有栖川帝統


目を覚ますと目覚まし時計の針は11時を指していた。続けてスマホの電源を入れるがロック画面だけが映し出されていて、思わずため息をついた。
帝統がうちに来なくなって今日で1週間が経つ。
連絡が取れず、彼が行きそうな場所にも居らず、乱数君達にも尋ねたがはっきりとした居所は分からなかった。顔を洗って気分を変えようとしたけど気は晴れる事は無く、ぼーっとしていると玄関のチャイムが鳴った。もしかしたら…と期待を込めてドアを開けるとそこには乱数君と夢野さんが立っていたが、帝統の姿は無かった。

「やっほ〜名前!遊びに来たよ!」
「朝から元気だね。2人揃ってどうしたの?」
「その様子だとまだ起きたばかりの様ですね。いくら休日といっても、真っ当な人間はとっくに活動してる時間ですよ。貴女何処かのギャンブラーに感化され過ぎてないですか?」
「ウッ…反論したいけど出来ない自分が悔しい…!」
「え〜名前ってばお寝坊さんになっちゃったの? それなら僕が毎朝キスで起こしてあげよっか」
「あはは、全力で遠慮しとくよ」
「え〜残ね、痛っ!も〜爪立てないでよねっ、冗談だよ冗談!」

何やら後ろの方へ顔を向け、誰かとお話ししている乱数君にどうしたのかと問おうとしたら、見慣れない子が乱数君の肩へと身を乗り出した。

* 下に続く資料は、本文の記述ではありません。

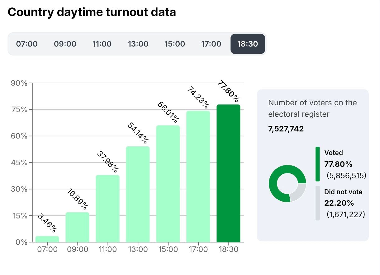 Отметим, что на 10 047 избирательных участках в Венгрии голосование завершилось в 19:00. Национальная избирательная комиссия опубликовала данные, согласно которым, по состоянию на 18:30 явка составила 77,80%, то есть на выборах проголосовали 5,856 млн человек.
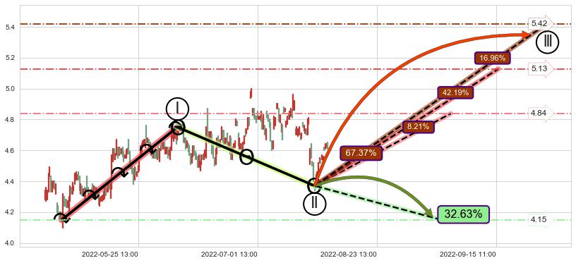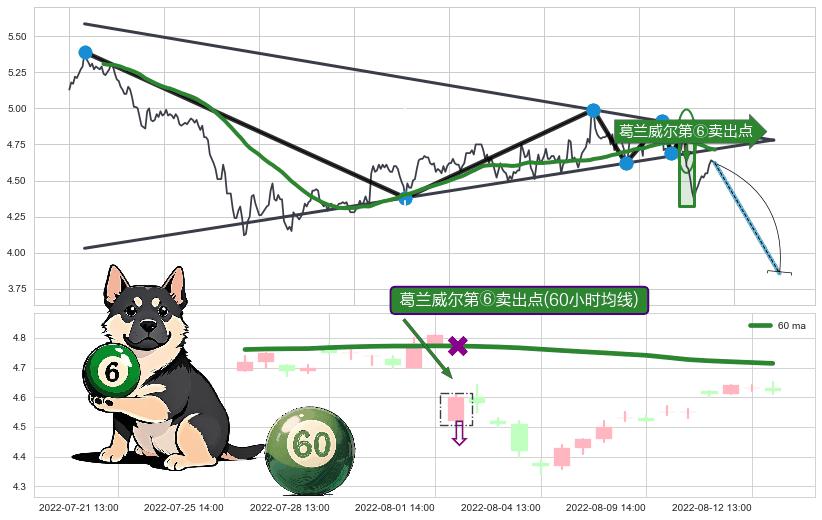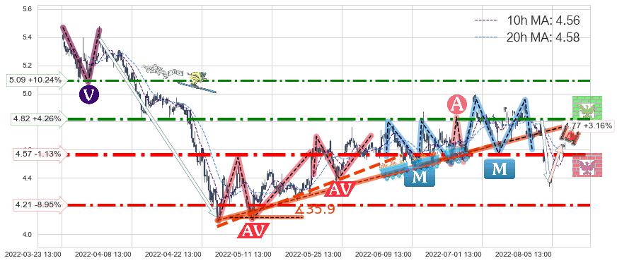 ♘ 阻力价格位4.82,可信任强度72.00%,距离最后交易2022-08-12 14:00形成的收盘价格4.62相差 +4.26%

どうやらパーカーに入っていたらしいその子は耳をピンッと立てて此方を見つめた。

「乱数君、猫飼い始めたの?」
「ううん違うよ〜」
「実はこの子、シブヤの守り神なんです。猫の姿となり街へ赴いては人に媚を売り、食料を得て暮らしているのです」
「神様…えっ?! ウソ!?」
「はい、嘘ですよ」
「うああまた騙されたーっ!」

その後の乱数君の話を単純に纏めると、この猫は乱数君の知り合いの子らしく、暫く預かっておいて欲しいと頼まれたものの乱数君自身も仕事で忙しく面倒を見れないので、私に頼みに来たんだそうだ。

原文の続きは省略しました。